I show Dan into his room. He doesn't seem disapointed or anything, but I can tell he's upset. "Anything ring a bell?" I ask, trying to get him to talk.

"Um, " he studies his walls, his bed, everything, "No. Not yet." I wish I hadn't asked. He looks even more upset now.

I touch my greasy hair, "I'm going to take a shower, Dan," he turns to me, "Look around," I suggest, "Maybe-"

I stop talking because he looks sad again. I hate to leave him alone, but I haven't showered in days. He tries to smile, but I can tell it's forced. I turn and leave to get a towel and some clothes. Maybe he needs some time to himself.

I grab a plastic bag from the kitchen and tie it around my wrapped hand.

I'm guessing that I shouldn't get it wet.

I go into the bathroom, start the water, undress and step in.

The warm water and steam engulfs my body, and it feels sensational.

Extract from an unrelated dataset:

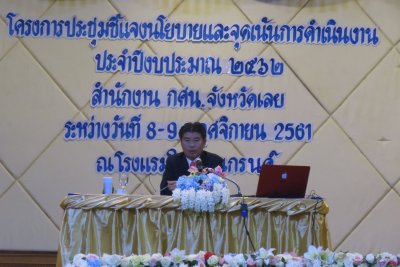 สำนักงาน กศน.จังหวัดเลย จัดโครงการประชุมชี้แจงนโยบายและจุดเน้นการดำเนินงาน ประจำปีงบประมาณ พ.ศ.2562 และมอบเข็ม ครูประวัติศาสตร์ชาติไทย ระหว่างวันที่ 8 - 9 พฤศจิกายน พ.ศ. 2561
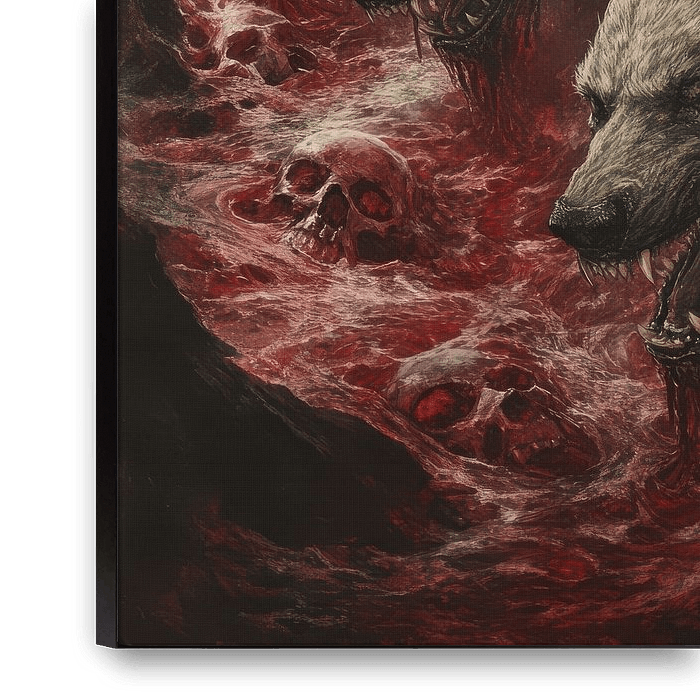 Aus den Schatten des Mythos erheben sich drei gespenstische Wölfe - Wächter eines verfluchten Tals, in dem der Fluss rot vom Blut der Verdammten fließt. Ihr Fell, bleich wie Knochen und befleckt mit Rache, fließt wie Rauch im Sturm. Diese eindringliche Vision verbindet nordisch inspirierte Überlieferungen mit Horror-Fantasy und fängt…

I can feel my muscles loosen, and my mind relax.

For twenty minutes, I'm able to get away from stress.

**************************************************

After I'm dressed, I brush my teeth really well and do my best to towel-dry my hair.

I step out into the cool house and grab some socks from my dresser. I don't like the feeling of being completely barefoot.

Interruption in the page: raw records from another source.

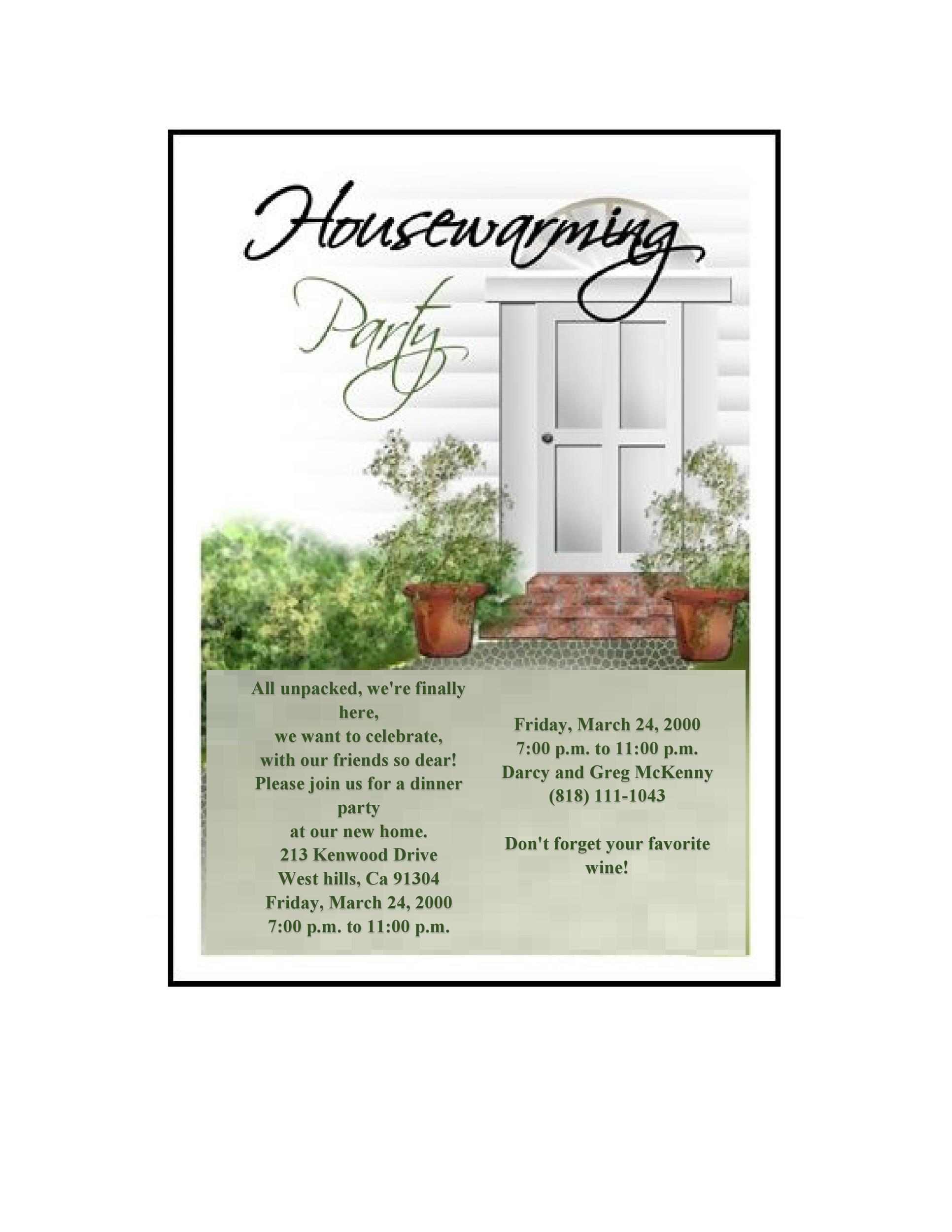 Congratulations again on your new home, and best wishes for a successful housewarming party!
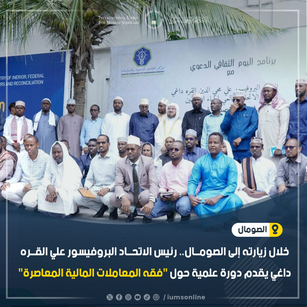 اتحادِ عالمی کے صدر، پروفیسر علی قرہ داغی نے ، صومالیہ کے اپنے دورے کے دوران”فقہ مالیات اور لین دین سے وابستہ مسائل “کے زیر عنوان محاضرہ پیش فرمایا ۔
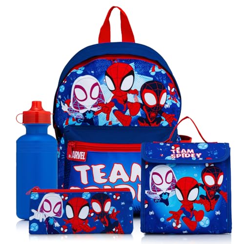 Marvel Spidey & His Amazing Friends Backpack 4 Piece School Set | Includes Backpack, Lunch Box, Water Bottle, and Pencil Case | Boys Back to School Essentials | Kangaroo Pocket & Mesh Side Pocket
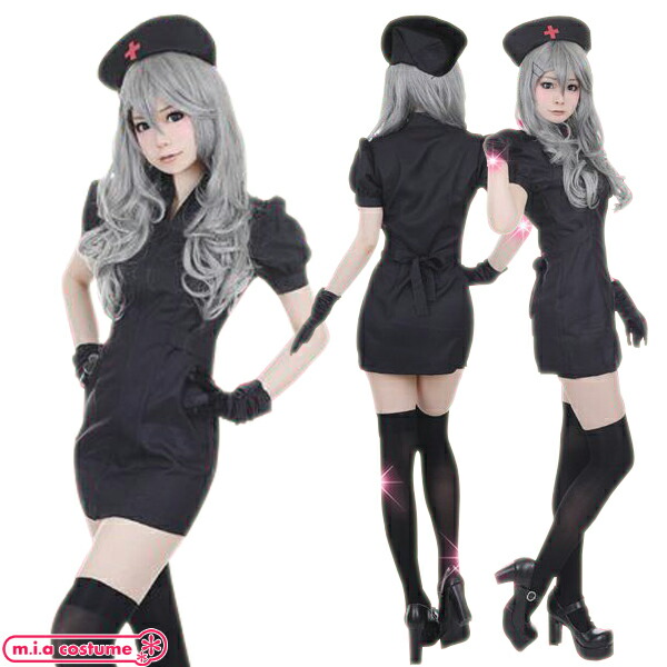 黒 ブラック 無地 ミニ丈 ナース 看護師 看護婦 レディース 婦人 女性サイズ メンズ 男性サイズ 女装子 男の娘 大きいサイズ コスプレ コスチューム 仮装 衣装 Cosplay Costume ハロウィン Halloween イベント 文化祭 新年会 忘年会 撮影会 余興 催事 セクシー Sexy 清楚系 おとなしめ 可愛い かわいい キュート Cute フェミニン プチプラ プレゼント用 ギフト 人気 高品質 誕生日 彼女 彼氏 送料無料 ミアコスチューム ポイント消化
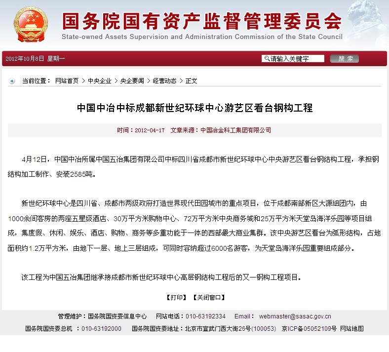 国资委网站报道:中国今年会官网集团中标成都新世纪环球中心游艺区看台钢构工程
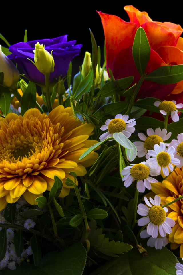Wallpaper Beautiful bouquet of colorful flowers on a black background
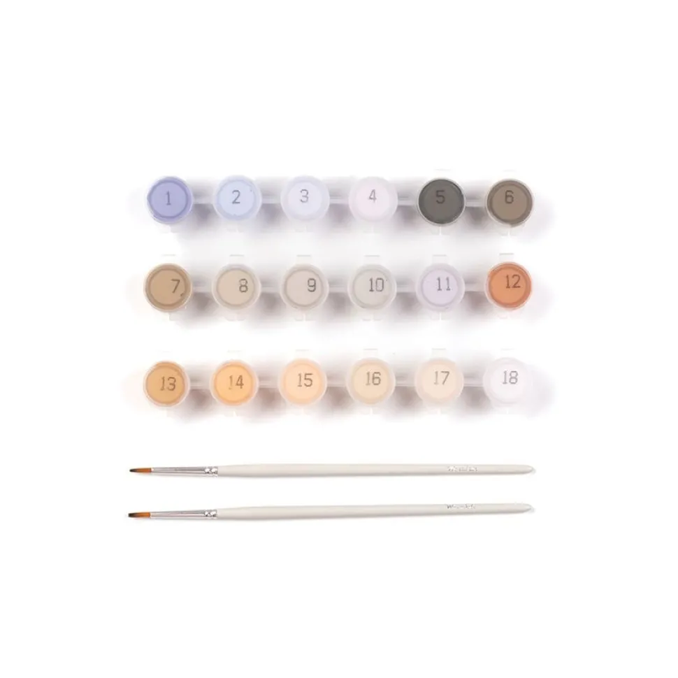 Deze paint by numbers set van Wrendale Designs bestaat uit een 40x40cm groot canvas artboard, een handleiding, 18 kleuren waterverf in gerecyclede potjes en 2 verschillende kwasten.
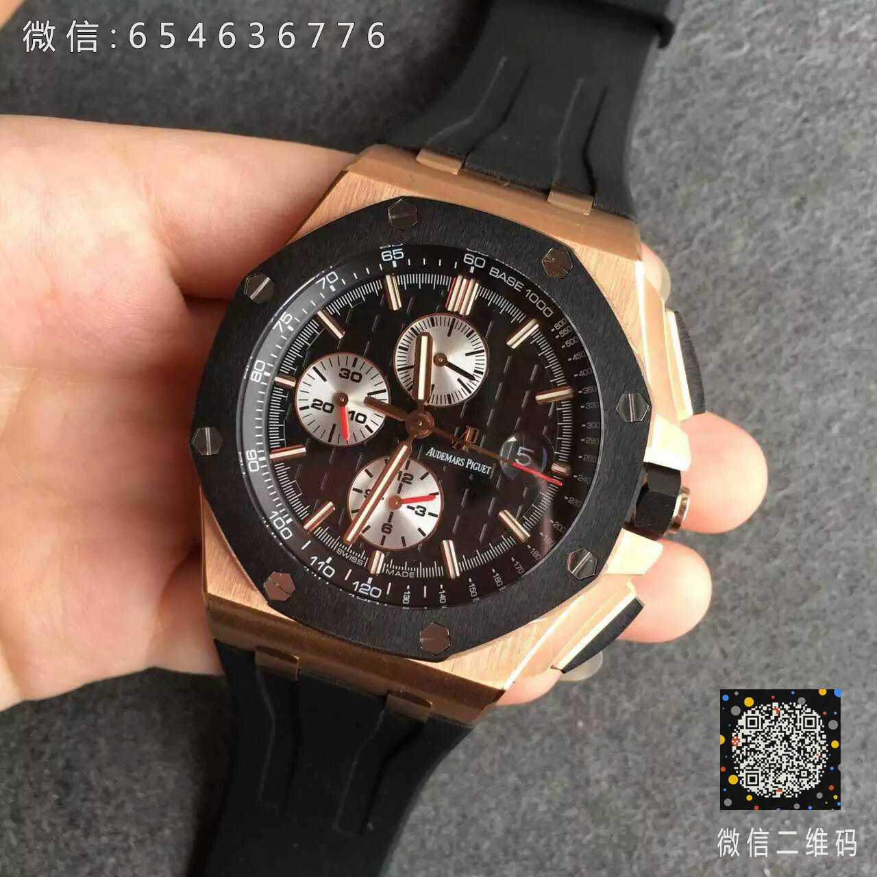 【N厂出品】N厂新版爱彼AP皇家橡树离岸型26400大熊猫玫金壳一比一版本,直径44毫米,厚度15毫米,改3126自动计时机械机芯,316精钢材质錶壳,陶瓷錶圈,蓝宝石水晶玻璃镜面,橡胶錶带,针扣,防水50米。

I see my bed, and I'm tempted to just take a nap for the rest of the day, but I can't.

Dan needs me.

Well, I need him.

I look into Dan's room, but he's not there, so I make my way downstairs.

I hear what sounds like Dan singing. At first, I think I'm imagining it, but when I get closer to the kitchen I'm sure. He's quietly singing, "You look so good in blue... You look so good in blue..."

I stand in the doorway and see him looking through the cupboards. If it wasn't for the bandage on his head, I'd think everything was normal. I stand there for a second, listening to him humming the tune.

Wait a second.

"Dan? Dan, are you singing?" It comes out sounding little more worried than I had hoped.

He quickly pivots around towards me, knocking over a box of cereal, "What? Jesus, Phil. You scared me."

I continue, "You were singing? How'd you know that song?"

He squints his eyes, thinking, "You know, I'm not sure. I guess I just thought of it, I didn't really think about-"

I pout, "So you don't remember anything else?"

He looks down, "No. Sorry."

I've made him feel bad.

Stupid, stupid Phil.

Why do I have to go and make things sad all the time?

"Hey," I walk over to the cupboard, "Want to make some food?" I try to sound cheerful.

He looks up and smiles, "Yeah, I'm starved." I get some spaghetti noodles from the pantry, and I tell Dan to fill up a pot with some water.

As we're cooking, I try my hardest to make Dan laugh. Every time he does, even just a quick chuckle, it brightens the kitchen.

He doesn't know how to make spaghetti, so he treats me as if I'm the Iron chef and obeys my every command.

Dan asks me about Chris and Pj, about himself, and about myself. I try to make his life sound good, but I try not to make him wish he could remember. I know he does, and making him long for it anymore would be cruel.

I ask him to get some cheese from the fridge, and he notices the piece of paper stuck to it.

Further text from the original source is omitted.